(Information supplied Opens)

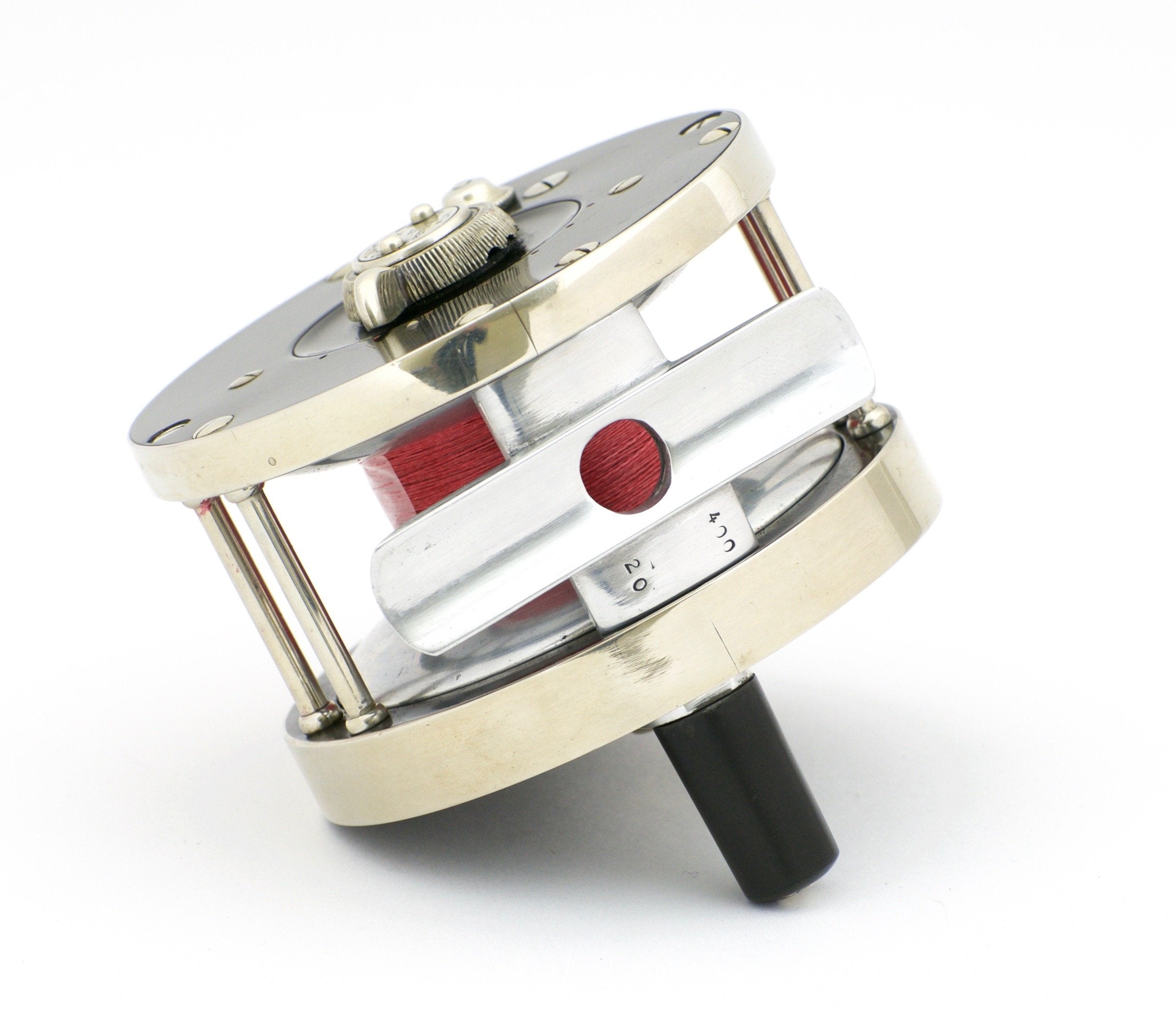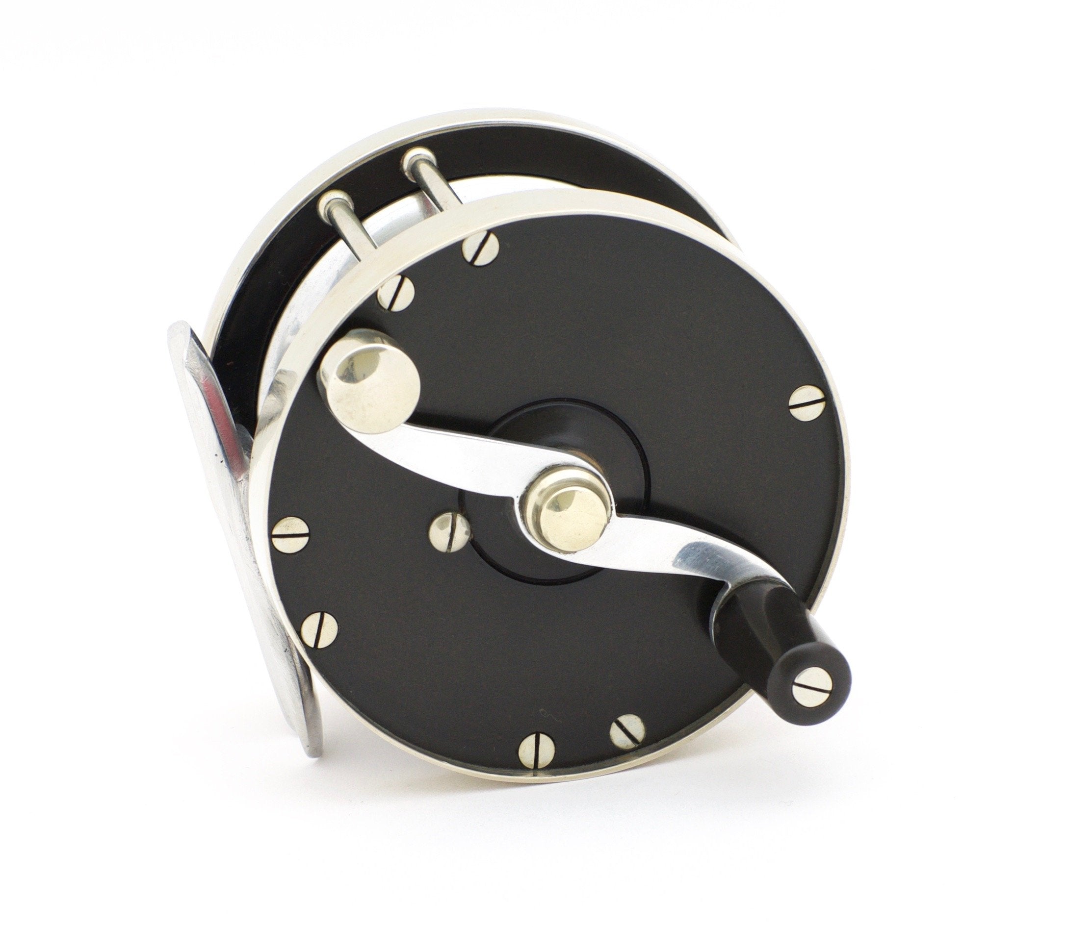 For sale here is an Otto Zwarg Model 400 Laurentian salmon fly reel - size 2/0. Made in St. Petersburg, FL. There is no serial number on the reel foot, which is a well made replacement. Right hand retrieve. Excellent overall condition. No cracks in the hard rubber. Model 400s were made with a multiplying gear. The drag is still perfectly strong and smooth. The reel comes with a leather case.
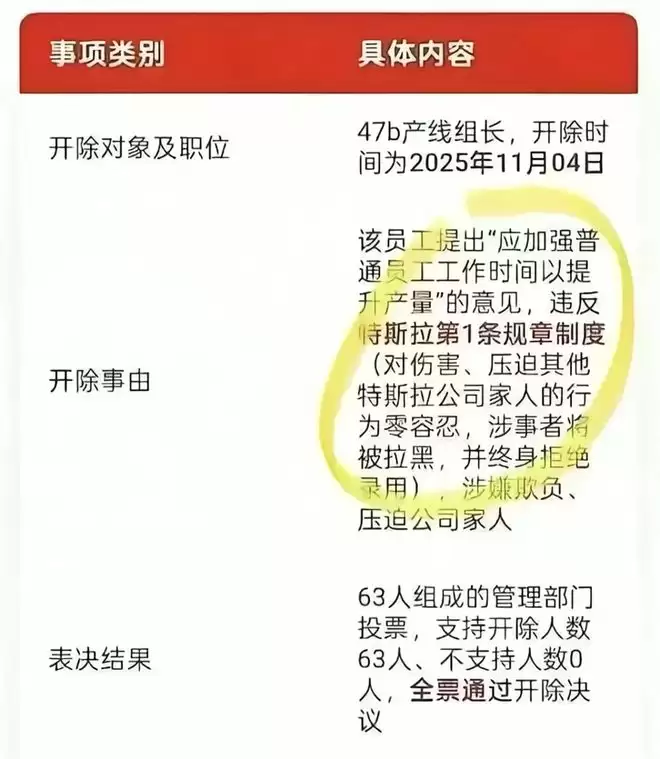 据了解,事件发生在2025年11月4日,当时正值特斯拉上海超级工厂订单高峰期。这名47号产线组长提出延长工时的建议,但被公司认定违反了特斯拉第 1 条规章制度(对伤害、压迫其他特斯拉公司家人的行为零容忍,涉事者将被拉黑,并终身拒绝录用),涉嫌欺负、压迫公司家人。公司内部文件显示,处理决定经管理部门集体投票,63人支持开除,0人反对。涉事组长被立即开除,且被列入公司黑名单,终身拒绝录用。
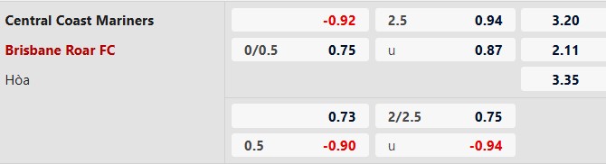 Soi kèo châu Á Central Coast vs Brisbane Roar:
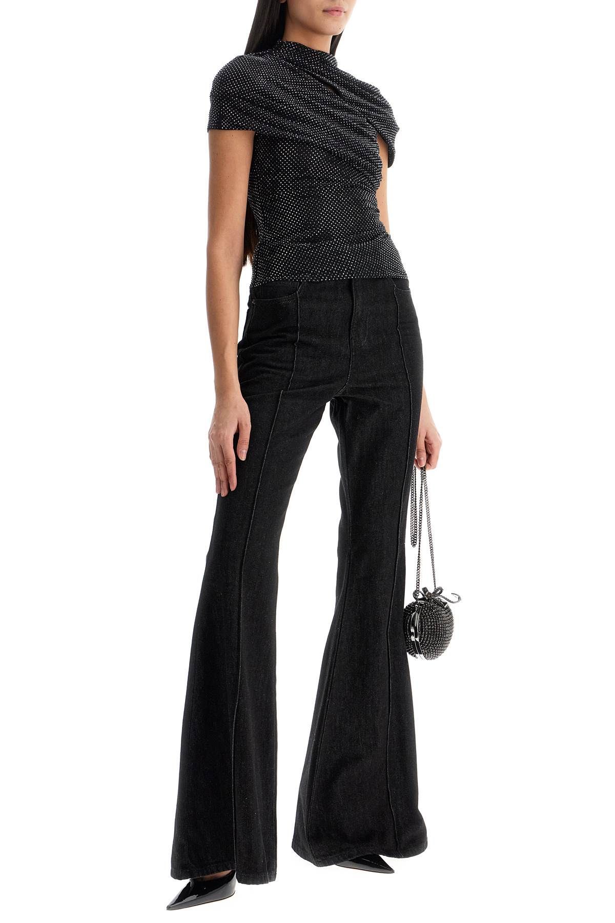 These high-waisted Self-Portrait jeans are made from black denim and feature a flared silhouette inspired by the '70s, hugging the hips for a flattering fit
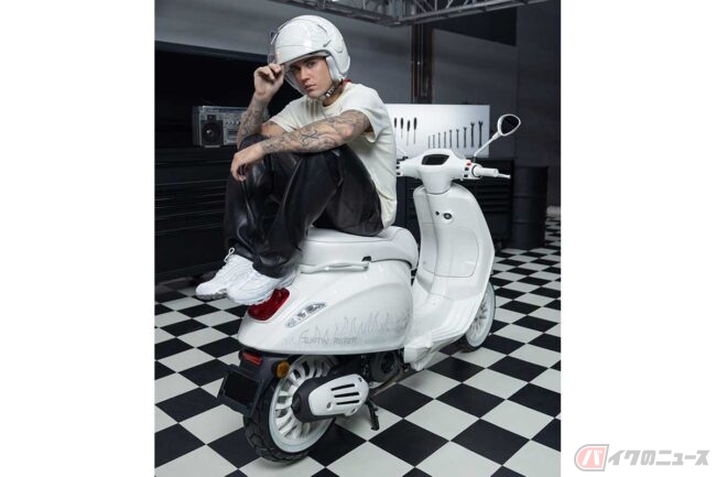 全身真っ白!? ジャスティン・ビーバーとベスパのコラボモデル登場 ベース車両は「スプリント150」
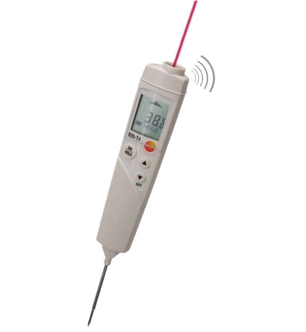 testo 826-T4紅外及刺入式溫度計(jì)可通過(guò)紅外測(cè)量方式無(wú)損快速掃描表面溫度,若表面溫度超出限制范圍,還可通過(guò)自帶的刺入式溫度探頭進(jìn)行快速精確的中心溫度測(cè)量 (如酸奶等食品)。

(Information supplied Closes)

Activity
Give the records above again in full and exactly, but exclude every picture.

Result of this task
 For sale here is an Otto Zwarg Model 400 Laurentian salmon fly reel - size 2/0. Made in St. Petersburg, FL. There is no serial number on the reel foot, which is a well made replacement. Right hand retrieve. Excellent overall condition. No cracks in the hard rubber. Model 400s were made with a multiplying gear. The drag is still perfectly strong and smooth. The reel comes with a leather case.
 据了解,事件发生在2025年11月4日,当时正值特斯拉上海超级工厂订单高峰期。这名47号产线组长提出延长工时的建议,但被公司认定违反了特斯拉第 1 条规章制度(对伤害、压迫其他特斯拉公司家人的行为零容忍,涉事者将被拉黑,并终身拒绝录用),涉嫌欺负、压迫公司家人。公司内部文件显示,处理决定经管理部门集体投票,63人支持开除,0人反对。涉事组长被立即开除,且被列入公司黑名单,终身拒绝录用。
 Soi kèo châu Á Central Coast vs Brisbane Roar:
 These high-waisted Self-Portrait jeans are made from black denim and feature a flared silhouette inspired by the '70s, hugging the hips for a flattering fit
 全身真っ白!? ジャスティン・ビーバーとベスパのコラボモデル登場 ベース車両は「スプリント150」
 testo 826-T4紅外及刺入式溫度計(jì)可通過(guò)紅外測(cè)量方式無(wú)損快速掃描表面溫度,若表面溫度超出限制范圍,還可通過(guò)自帶的刺入式溫度探頭進(jìn)行快速精確的中心溫度測(cè)量 (如酸奶等食品)。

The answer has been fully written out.